DATA SECTION below:

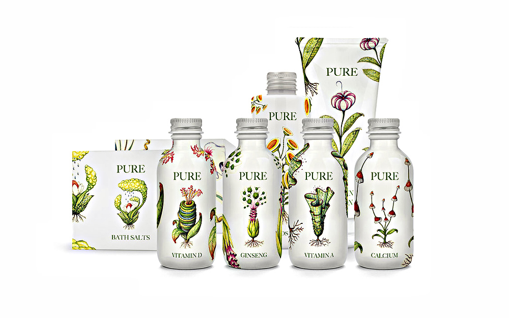 Оригинальное видение мира итальянского художника Луиджи Серафини нашло свое отражение в дизайне упаковки косметического бренда Pure.
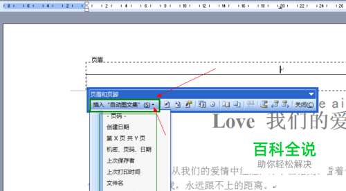 将鼠标移到页眉处,我们选择编辑框的【插入‘自动图文集’】按钮的下拉按钮,如选择创建日期。则会自动为你创建好日期,这日期可以自己修改。
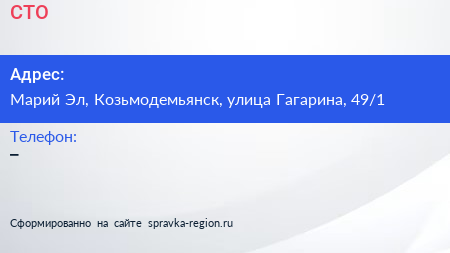 СТО по адресу Марий Эл, Козьмодемьянск, улица Гагарина, 49/1 в дальнейшем Организация, размещена в следующих категориях:
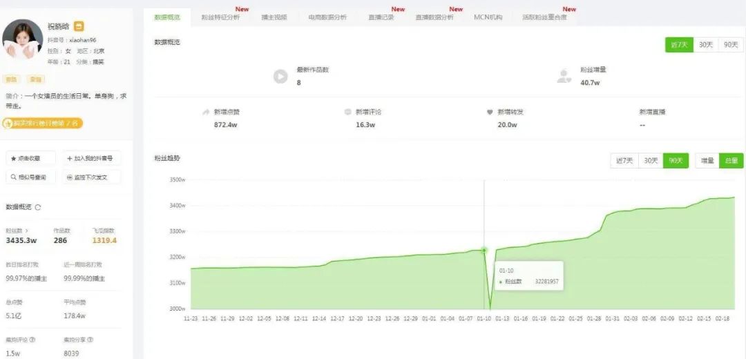 爆发阶段 —— 在某个爆款视频的带动下,粉丝数量开始爆发式增长,视频的播放量和点赞量都会增长到一个新的高度。

End of DATA SECTION.

> _ASSIGNMENT_
Copy out the listing above in full and leave out its pictures.

> _SOLUTION_
 Оригинальное видение мира итальянского художника Луиджи Серафини нашло свое отражение в дизайне упаковки косметического бренда Pure.
 将鼠标移到页眉处,我们选择编辑框的【插入‘自动图文集’】按钮的下拉按钮,如选择创建日期。则会自动为你创建好日期,这日期可以自己修改。
 СТО по адресу Марий Эл, Козьмодемьянск, улица Гагарина, 49/1 в дальнейшем Организация, размещена в следующих категориях:
 爆发阶段 —— 在某个爆款视频的带动下,粉丝数量开始爆发式增长,视频的播放量和点赞量都会增长到一个新的高度。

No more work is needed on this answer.